Task description: For this exercise, reproduce the entries below exactly, but only from the line containing "Blue Mens Printed" through the line containing "점 심 ~ 잡곡밥, 맑은콩나물국, 조랭이떡", both included.

Excerpted records:
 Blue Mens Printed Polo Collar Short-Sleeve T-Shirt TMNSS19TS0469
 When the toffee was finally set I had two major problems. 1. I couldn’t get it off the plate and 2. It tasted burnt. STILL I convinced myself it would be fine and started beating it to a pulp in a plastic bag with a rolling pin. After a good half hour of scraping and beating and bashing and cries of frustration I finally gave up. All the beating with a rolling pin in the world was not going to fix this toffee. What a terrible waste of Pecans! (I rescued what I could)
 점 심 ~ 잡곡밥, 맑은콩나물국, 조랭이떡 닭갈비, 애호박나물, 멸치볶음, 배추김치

* * *

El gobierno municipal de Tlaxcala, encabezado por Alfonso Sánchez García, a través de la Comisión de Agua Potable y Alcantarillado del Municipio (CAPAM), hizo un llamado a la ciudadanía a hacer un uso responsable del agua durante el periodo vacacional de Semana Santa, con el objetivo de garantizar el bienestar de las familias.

The answer:
 Blue Mens Printed Polo Collar Short-Sleeve T-Shirt TMNSS19TS0469
 When the toffee was finally set I had two major problems. 1. I couldn’t get it off the plate and 2. It tasted burnt. STILL I convinced myself it would be fine and started beating it to a pulp in a plastic bag with a rolling pin. After a good half hour of scraping and beating and bashing and cries of frustration I finally gave up. All the beating with a rolling pin in the world was not going to fix this toffee. What a terrible waste of Pecans! (I rescued what I could)
 점 심 ~ 잡곡밥, 맑은콩나물국, 조랭이떡 닭갈비, 애호박나물, 멸치볶음, 배추김치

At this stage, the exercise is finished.